- _Work task_
When you copy from the entries that follow, take only the lines from the one with "Introducing the new" down to the one with "Once during your", keeping both ends and dropping every picture.

- _Data supplied_
%%
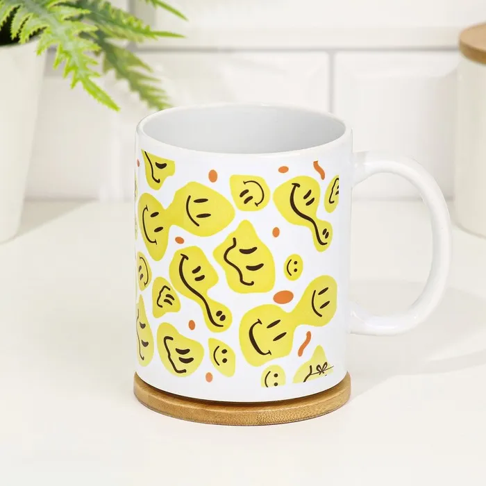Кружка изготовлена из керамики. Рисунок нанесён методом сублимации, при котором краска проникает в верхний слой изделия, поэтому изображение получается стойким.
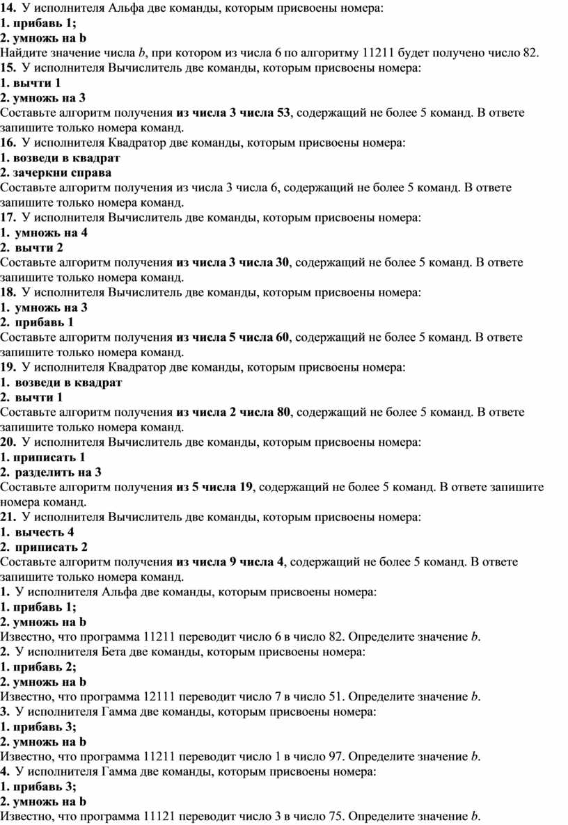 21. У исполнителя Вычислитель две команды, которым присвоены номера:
%%
%%
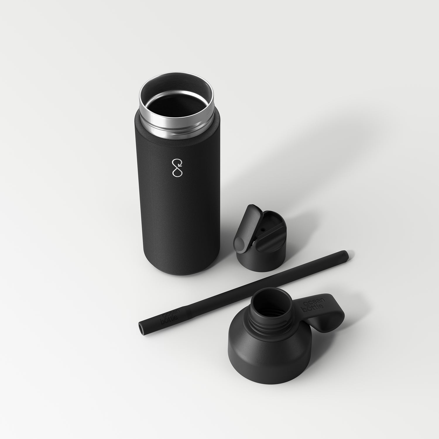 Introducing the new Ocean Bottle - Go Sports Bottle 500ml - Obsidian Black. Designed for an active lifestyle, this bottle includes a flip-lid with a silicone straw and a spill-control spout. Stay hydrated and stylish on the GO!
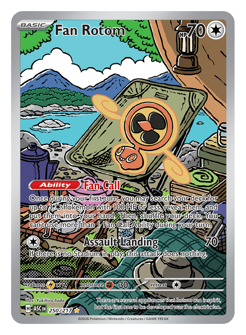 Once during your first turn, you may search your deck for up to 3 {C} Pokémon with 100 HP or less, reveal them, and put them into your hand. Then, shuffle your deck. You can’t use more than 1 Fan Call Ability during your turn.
%%
- _Answer area_
 Introducing the new Ocean Bottle - Go Sports Bottle 500ml - Obsidian Black. Designed for an active lifestyle, this bottle includes a flip-lid with a silicone straw and a spill-control spout. Stay hydrated and stylish on the GO!
 Once during your first turn, you may search your deck for up to 3 {C} Pokémon with 100 HP or less, reveal them, and put them into your hand. Then, shuffle your deck. You can’t use more than 1 Fan Call Ability during your turn.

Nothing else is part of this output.